Camelot. Wrenching heartbreak? Isn’t that just a silly 1960s Richard Harris and Vanessa Redgrave movie spectacle, with medieval hippies flitting about the English countryside/sound stage, playing at courtly ladies and knights? Sure, but at its heart, Camelot is a tragedy, a tale of the failure to contain evil, the devastating fall of a culture centered on love and joy. The play was based, of course, on T.H. White’s The Once and Future King, whose story humanized its medieval characters in a consideration of political ambition, emotional devotion, and utopian yearnings. Toss in some dreamy love songs, armored masculine posturing, and conniving offspring, and you have one complicated story-telling apparatus. I could go on about the similar structure underlying Les Mis–love, faith, greed, revolution–but my experience of this play is too heavily skewed. My 20-year-old-self shed a lot of tears during the production I had the privilege of experiencing in London; I still can’t consider this play separate from my original context for it. 

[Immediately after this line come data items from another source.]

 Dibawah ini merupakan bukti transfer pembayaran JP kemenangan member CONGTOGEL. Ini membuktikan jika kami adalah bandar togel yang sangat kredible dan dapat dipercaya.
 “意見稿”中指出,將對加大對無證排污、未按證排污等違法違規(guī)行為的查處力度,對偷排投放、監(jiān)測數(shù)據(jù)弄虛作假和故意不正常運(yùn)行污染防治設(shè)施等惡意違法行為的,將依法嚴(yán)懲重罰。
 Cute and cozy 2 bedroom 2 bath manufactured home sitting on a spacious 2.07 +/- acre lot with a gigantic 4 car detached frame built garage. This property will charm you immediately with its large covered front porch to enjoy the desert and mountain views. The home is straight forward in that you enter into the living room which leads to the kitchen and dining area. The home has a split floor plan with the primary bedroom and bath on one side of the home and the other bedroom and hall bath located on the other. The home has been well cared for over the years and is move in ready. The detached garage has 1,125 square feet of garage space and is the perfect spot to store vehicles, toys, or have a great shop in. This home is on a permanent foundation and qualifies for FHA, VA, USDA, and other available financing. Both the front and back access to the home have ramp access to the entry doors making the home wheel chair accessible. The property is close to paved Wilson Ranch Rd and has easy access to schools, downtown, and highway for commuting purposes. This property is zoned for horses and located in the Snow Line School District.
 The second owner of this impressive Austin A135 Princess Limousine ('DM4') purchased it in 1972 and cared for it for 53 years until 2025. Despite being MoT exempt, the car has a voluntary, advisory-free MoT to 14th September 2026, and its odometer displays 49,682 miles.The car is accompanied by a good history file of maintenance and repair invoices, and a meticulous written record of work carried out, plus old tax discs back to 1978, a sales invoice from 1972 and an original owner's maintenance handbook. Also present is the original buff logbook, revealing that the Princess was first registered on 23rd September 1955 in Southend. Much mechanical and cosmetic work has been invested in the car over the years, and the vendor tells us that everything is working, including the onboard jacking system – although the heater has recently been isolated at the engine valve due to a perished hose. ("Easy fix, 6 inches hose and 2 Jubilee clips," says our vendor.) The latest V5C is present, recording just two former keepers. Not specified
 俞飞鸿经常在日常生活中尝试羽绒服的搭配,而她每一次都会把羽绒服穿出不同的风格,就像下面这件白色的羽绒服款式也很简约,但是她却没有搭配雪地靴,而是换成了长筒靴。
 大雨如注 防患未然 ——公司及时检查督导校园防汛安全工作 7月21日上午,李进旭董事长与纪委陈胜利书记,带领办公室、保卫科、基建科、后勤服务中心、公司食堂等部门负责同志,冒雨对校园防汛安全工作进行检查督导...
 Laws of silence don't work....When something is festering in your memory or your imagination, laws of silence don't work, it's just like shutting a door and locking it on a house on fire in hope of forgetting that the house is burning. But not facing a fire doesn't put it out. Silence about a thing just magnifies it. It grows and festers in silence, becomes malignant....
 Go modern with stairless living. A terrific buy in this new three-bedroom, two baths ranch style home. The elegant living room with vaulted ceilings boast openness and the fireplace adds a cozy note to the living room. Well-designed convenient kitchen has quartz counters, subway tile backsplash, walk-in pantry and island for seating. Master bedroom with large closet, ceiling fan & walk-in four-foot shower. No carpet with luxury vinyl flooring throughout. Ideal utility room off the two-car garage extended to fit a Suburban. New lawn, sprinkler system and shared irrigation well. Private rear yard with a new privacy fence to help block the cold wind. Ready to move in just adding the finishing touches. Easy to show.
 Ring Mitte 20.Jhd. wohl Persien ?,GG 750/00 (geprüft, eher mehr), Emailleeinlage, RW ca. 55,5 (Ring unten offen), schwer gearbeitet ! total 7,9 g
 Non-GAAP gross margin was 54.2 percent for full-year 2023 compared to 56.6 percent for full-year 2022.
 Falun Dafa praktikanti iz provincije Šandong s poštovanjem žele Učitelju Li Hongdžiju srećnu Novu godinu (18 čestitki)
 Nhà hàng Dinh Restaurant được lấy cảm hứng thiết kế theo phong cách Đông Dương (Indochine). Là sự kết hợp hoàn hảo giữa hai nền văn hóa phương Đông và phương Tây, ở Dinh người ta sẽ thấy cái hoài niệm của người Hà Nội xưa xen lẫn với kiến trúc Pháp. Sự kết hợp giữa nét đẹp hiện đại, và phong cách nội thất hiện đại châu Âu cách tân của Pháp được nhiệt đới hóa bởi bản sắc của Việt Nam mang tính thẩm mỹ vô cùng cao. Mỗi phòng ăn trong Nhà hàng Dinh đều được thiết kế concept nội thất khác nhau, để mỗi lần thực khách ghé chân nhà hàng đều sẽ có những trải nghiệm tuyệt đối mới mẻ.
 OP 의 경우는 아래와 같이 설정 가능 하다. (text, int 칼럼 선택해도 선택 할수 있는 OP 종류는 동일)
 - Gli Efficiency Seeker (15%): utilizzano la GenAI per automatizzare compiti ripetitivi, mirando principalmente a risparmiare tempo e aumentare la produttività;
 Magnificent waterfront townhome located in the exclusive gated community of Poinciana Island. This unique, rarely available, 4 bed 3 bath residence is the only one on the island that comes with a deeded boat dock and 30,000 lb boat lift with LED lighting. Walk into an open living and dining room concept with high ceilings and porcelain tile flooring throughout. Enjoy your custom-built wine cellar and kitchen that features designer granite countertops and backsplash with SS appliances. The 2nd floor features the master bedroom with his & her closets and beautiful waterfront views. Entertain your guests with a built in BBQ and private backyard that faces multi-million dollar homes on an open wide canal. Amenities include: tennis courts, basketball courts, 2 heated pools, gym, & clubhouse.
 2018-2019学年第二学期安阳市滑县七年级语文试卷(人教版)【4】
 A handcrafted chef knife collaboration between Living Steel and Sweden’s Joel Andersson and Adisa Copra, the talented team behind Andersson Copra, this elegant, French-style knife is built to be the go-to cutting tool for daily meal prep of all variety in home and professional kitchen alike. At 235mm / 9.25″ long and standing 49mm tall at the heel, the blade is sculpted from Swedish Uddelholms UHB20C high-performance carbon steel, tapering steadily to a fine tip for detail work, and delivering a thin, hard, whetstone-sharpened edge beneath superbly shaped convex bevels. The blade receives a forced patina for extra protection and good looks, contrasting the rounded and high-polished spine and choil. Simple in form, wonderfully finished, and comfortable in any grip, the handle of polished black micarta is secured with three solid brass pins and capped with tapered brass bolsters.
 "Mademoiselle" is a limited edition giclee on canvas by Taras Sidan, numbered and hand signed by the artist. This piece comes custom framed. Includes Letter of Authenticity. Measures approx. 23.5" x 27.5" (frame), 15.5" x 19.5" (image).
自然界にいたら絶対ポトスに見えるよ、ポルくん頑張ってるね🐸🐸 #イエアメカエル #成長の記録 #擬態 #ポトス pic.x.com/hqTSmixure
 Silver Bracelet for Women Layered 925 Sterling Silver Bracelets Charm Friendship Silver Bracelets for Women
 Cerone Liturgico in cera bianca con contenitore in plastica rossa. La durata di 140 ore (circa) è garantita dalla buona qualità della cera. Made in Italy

Although musicals have always easily handled complex storytelling, Fun Home is not just another excellent example. Something else happens in this play when a graphic novel is incorporated into a stage experience. This isn’t just a play with actors telling a story. This is a play that shows an artist creating a work. When the adult Alison is on stage, watching the the scenes from her childhood and drawing what she sees, the play seamlessly melds two mediums: drawing and acting. While the story unfolds the audience sees the artist remembering and recording and creating. The stage presentation captures something that is so central in the structure of the novel: the act of drawing that not only frames the difficult narrative, but is it’s very telling. It is in the remembering and drawing where Alison finds her story. On stage, the art-making and the theater experiences are so cohesive, so neatly intertwined. What is accomplished in their close integration is a view into the experience of memory and creation. The activities involved in discovery, sense-making, and understanding are the very story that is presented in this play.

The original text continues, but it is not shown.